Add this Pair class to the project.

Add this method that reads in a file from a Path, yielding a pair of the path and the file:

public static Pair<Path, String> read(Path p)
{
   try
   {
      return Pair.of(p, new String(Files.readAllBytes(p)));
   }
   catch (IOException e)
   {
      return Pair.of(p, "");
   }
}

Add this method that finds the longest word in a string that holds the contents of a file. We split along non-letters (regex \PL+), and the rest is standard stream stuff.
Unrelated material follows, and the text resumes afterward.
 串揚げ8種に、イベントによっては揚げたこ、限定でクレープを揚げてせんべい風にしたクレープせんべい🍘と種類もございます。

public static String longestWord(String contents)
{
   return Stream.of(contents.split("\\PL+"))
      .max(Comparator.comparing(String::length))
      .orElse("");
}

Now we'll traverse all files in the zip file. Don't worry about the details, but be amazed that Java can treat a zip file like a file system and walk through its contents.
```
String zippath = "/opt/jdk1.8.0/src.zip";
FileSystem zipfs = FileSystems.newFileSystem(Paths.get(zippath), null);
		
try (Stream<Path> entries = Files.walk(zipfs.getPath("/")))
{
   ... 
}
```
However, you'll need to change the zippath variable to point where your src.zip is located. In Windows, it's in c:\Program Files\Java\jdk1.8.0_xx. (Remember to use double backslashes in strings.) In Mac OS X, it's in something like /Library/Java/JavaVirtualMachines/jdk1.8.0_xx.jdk/Contents/Home. In Linux, if you installed the JDK yourself, you know where it is. If you use openjdk-8 on Ubuntu, you need to sudo apt-get install openjdk-8-src, and look in /usr/lib/jvm/openjdk-8.
Before going on, make sure that everything works. Tag main as throws IOException. Add
```
time(() -> entries.count());
```
where the ... are. Run the program. You should get about 8220 files.
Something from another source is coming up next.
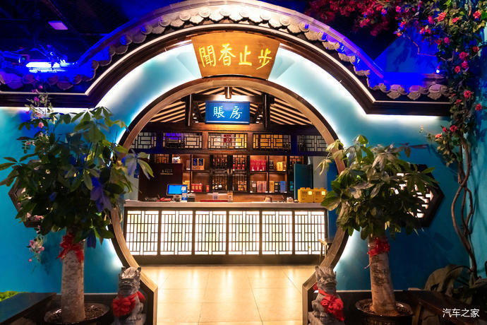 走进餐厅,仿佛穿越到了古代的客栈酒楼,圆形拱门、账房、古色古香的招牌,复古的中式桌椅、还有高悬于顶的中式大灯笼,无不透露出中式传统的韵味,高级典雅,派头十足。

Now remove .count() and add these stream operations:

.filter(Files::isRegularFile)
.map(Exercise4::read)
.map(p -> Pair.of(p.first(), longestWord(p.second())))
.sorted(Comparator.comparing(p -> -p.second().length()))
.limit(10)
.collect(Collectors.toList())

What do they do? (In plain English or French, what's the high-level idea?)

Run the program. Marvel at the output. Isn't it amazing that someone named a method makeInfoOnlyServantCacheLocalClientRequestDispatcherFactory?
Now make the stream of directories parallel. Does it speed up the program? By how much? How does that compare with the speedup in exercise 3? Why isn't it as good?